Normal and aberrant tissue distribution of Loma salmonae (Microspora) within rainbow trout, Oncorhynchus mykiss (Walbaum), following experimental infection at water temperatures within and outside of the xenoma‐expression temperature boundaries

Abstract

Temperatures above 20 °C or below 9 °C interrupt the life cycle of the gill intracellular microsporidian parasite Loma salmonae (Microspora) prior to sporogony, inhibiting the production of xenomas. This study intended to characterize this life‐cycle failure. Juvenile rainbow trout, Oncorhynchus mykiss (Walbaum), were experimentally infected with L. salmonae spores, and the effect of water temperature on the progress of infection, as determined by polymerase chain reaction, was compared for fish held at water temperatures of 5, 15 and 21 °C. At 15 °C, parasite DNA was first detected in the heart (3 days post‐exposure [PE]), and then in the gills and spleen (2 weeks PE). Branchial xenomas developed by week 4 PE. In contrast, at 5 °C, the arrival of the parasite in the heart was delayed until 7 days PE. However, even though parasite DNA was detected in the gills at 7 days PE, xenomas failed to form in the gill, and by week 4 PE, parasite DNA was no longer detected.

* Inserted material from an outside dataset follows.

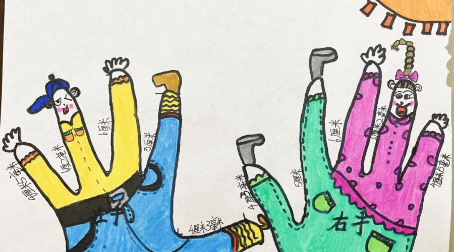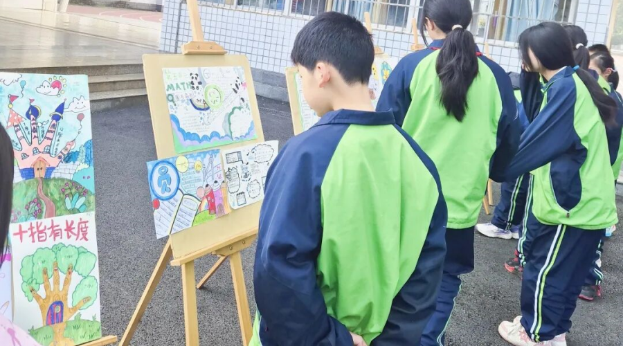 一年级以“数字开花”为主题,孩子们给数字赋予缤纷色彩与灵动造型,在动手创作中夯实了数字认知基础;二年级自制的“方向盘”兼具趣味与实用,转动轮盘的过程中,东、南、西、北等方位知识深深印入脑海;三年级围绕“十指有长度”展开创作,在对比与记录中直观理解长度单位的意义。

In fish held at 21 °C, parasite DNA was detected in the heart, gills and spleen by 3 days post‐infection, and similar results were observed at 7 days PE. Xenomas also failed to form in these fish and parasite DNA was no longer detected by week 2 PE. Within the range of temperatures tested in this study, spore germination and delivery of their DNA into the host through the intestinal wall was not blocked by temperature. At 5 or 21 °C, migration to the heart and gills occurred, but at aberrant periods of time. The normal life cycle of L. salmonae may depend on the completion of relatively lengthy, but yet unknown, stages of development within the heart, prior to reaching the gill. This development may be adversely affected by temperature, and explain the temperature limits of this parasite.